## What you have to do
Only the lines below between the one holding "media sensation when" and the one holding "Raimo Henttonen 1937-2022", inclusive, are to be reproduced word for word; the pictures are to be left out.

## Supplied records
++++++
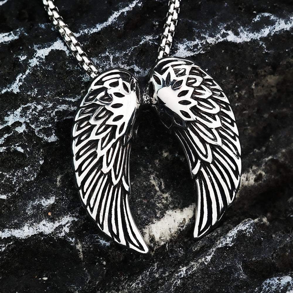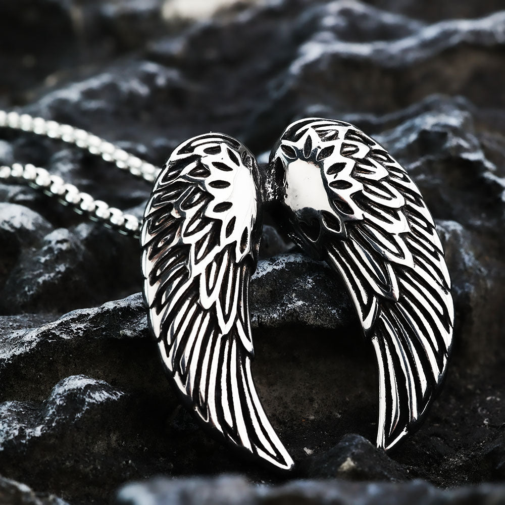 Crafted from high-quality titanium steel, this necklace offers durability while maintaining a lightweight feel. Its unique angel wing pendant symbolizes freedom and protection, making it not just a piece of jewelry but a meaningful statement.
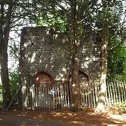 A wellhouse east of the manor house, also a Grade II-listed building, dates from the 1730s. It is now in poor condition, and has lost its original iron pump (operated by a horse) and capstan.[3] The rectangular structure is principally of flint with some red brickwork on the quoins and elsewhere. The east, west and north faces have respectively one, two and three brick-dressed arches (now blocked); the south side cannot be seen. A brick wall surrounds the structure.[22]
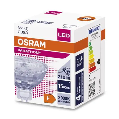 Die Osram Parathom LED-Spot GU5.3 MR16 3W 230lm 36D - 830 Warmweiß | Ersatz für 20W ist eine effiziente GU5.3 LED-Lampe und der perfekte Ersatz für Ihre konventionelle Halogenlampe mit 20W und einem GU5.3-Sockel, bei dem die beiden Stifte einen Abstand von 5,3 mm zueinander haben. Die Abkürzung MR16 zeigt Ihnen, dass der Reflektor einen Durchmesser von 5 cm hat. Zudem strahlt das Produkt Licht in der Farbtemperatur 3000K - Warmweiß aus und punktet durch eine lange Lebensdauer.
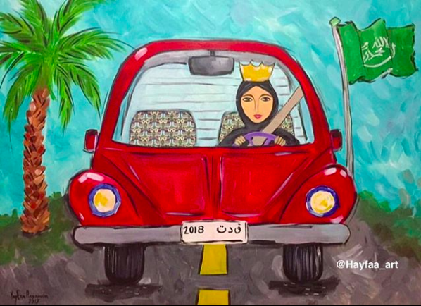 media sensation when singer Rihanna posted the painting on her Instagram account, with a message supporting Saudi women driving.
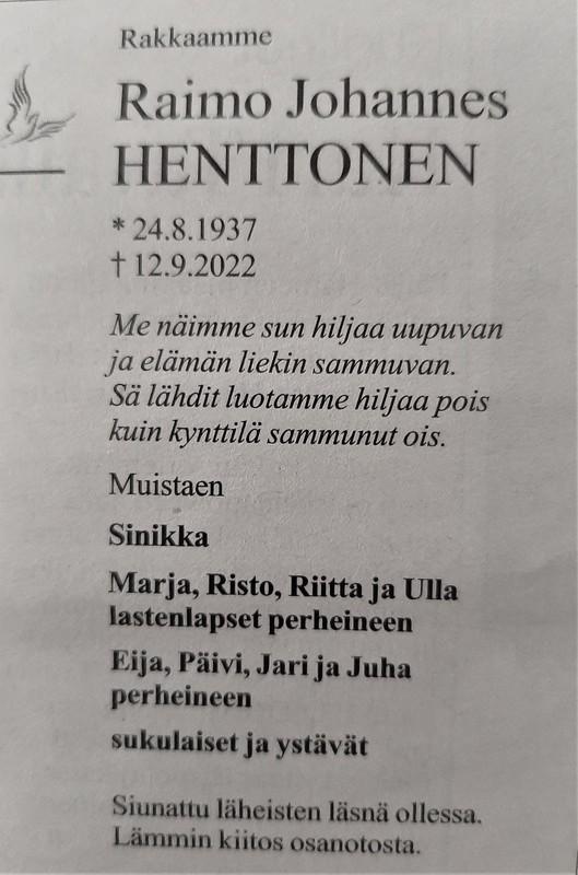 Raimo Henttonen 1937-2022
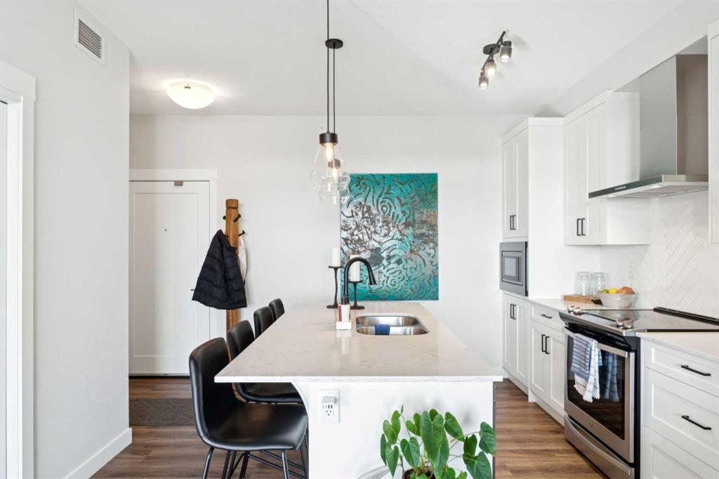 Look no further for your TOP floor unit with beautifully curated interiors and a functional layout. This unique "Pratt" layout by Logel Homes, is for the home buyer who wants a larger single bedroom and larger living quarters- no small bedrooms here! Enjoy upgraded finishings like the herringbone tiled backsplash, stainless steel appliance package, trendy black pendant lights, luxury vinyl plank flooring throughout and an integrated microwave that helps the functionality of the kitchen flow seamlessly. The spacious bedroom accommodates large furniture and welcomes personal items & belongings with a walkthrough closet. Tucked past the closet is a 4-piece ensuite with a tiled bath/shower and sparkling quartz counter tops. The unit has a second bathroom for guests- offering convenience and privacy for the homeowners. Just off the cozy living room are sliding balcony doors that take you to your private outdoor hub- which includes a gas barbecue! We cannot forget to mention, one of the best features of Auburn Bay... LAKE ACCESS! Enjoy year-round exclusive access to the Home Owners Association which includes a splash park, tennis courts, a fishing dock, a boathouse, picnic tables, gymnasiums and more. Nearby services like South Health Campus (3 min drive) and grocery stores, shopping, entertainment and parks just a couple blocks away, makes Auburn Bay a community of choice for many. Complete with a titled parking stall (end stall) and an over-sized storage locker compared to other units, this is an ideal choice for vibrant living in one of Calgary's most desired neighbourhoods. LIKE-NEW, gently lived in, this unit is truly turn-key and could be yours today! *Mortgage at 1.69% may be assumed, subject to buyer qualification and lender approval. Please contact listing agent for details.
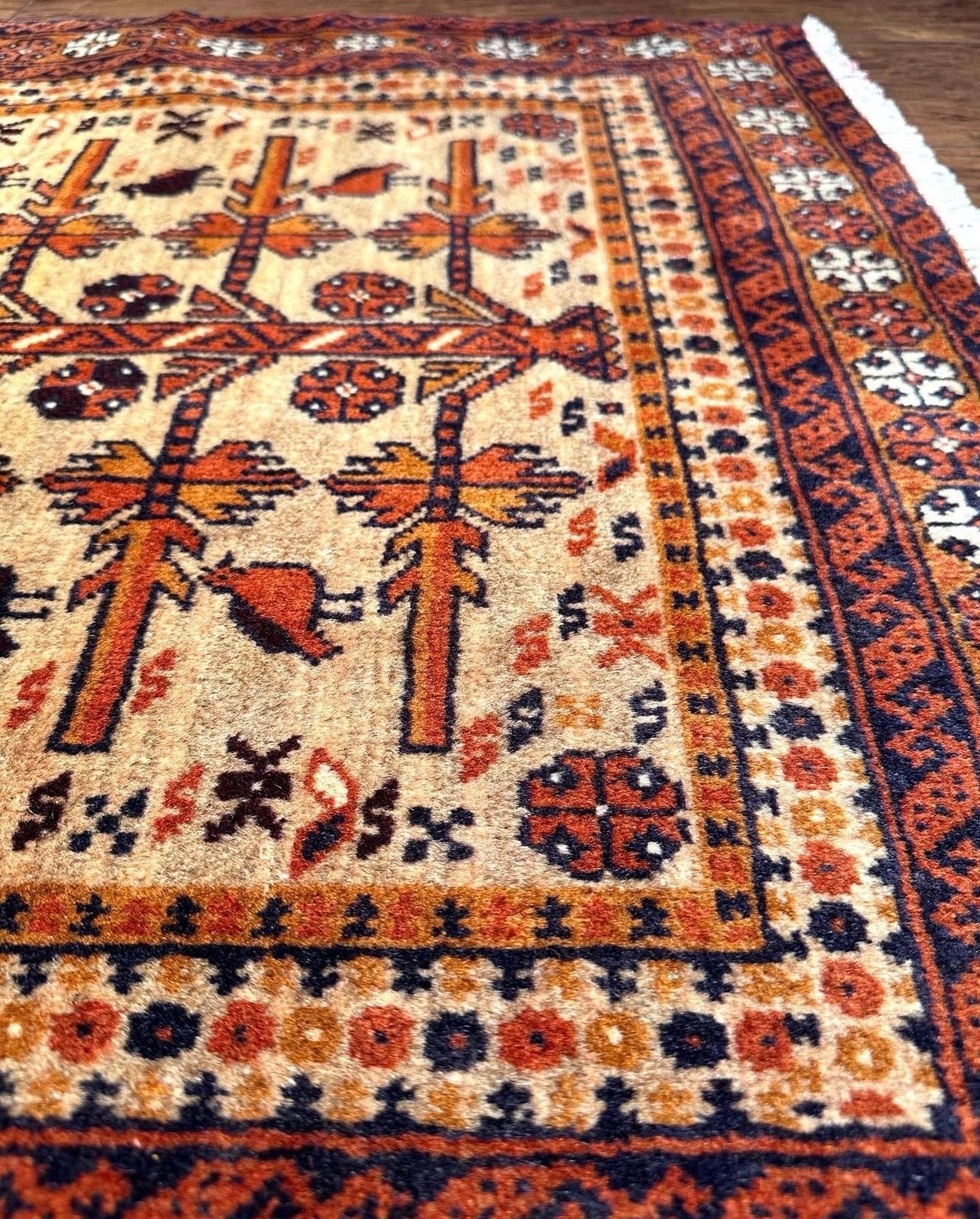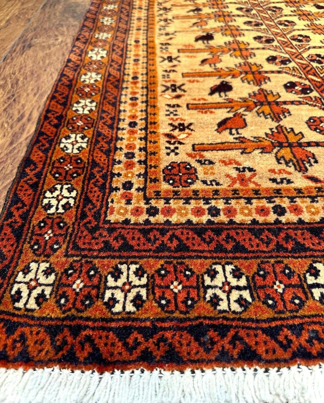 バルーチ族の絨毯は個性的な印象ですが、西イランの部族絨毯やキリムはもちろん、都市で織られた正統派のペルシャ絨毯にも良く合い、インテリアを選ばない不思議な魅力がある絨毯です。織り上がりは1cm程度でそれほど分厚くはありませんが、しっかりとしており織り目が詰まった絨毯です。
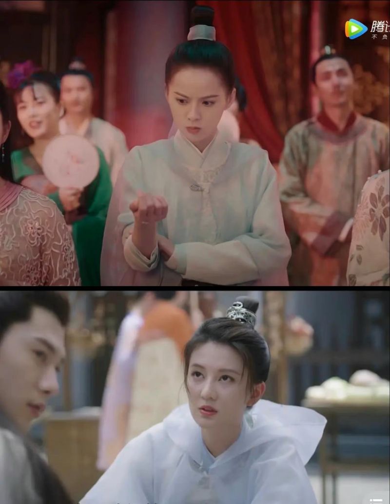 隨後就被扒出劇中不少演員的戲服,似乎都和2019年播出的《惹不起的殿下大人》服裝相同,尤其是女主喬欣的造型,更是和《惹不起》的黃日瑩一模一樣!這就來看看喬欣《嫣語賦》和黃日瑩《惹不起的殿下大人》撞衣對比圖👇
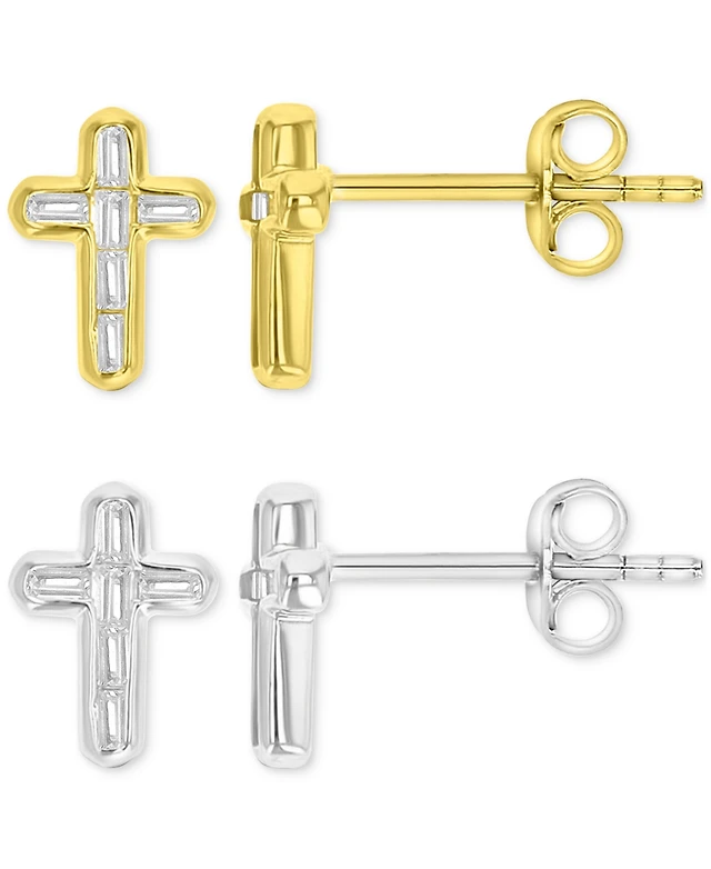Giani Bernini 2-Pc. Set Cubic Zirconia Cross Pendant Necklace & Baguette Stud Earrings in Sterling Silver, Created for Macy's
++++++
## Response to the exercise
 media sensation when singer Rihanna posted the painting on her Instagram account, with a message supporting Saudi women driving.
 Raimo Henttonen 1937-2022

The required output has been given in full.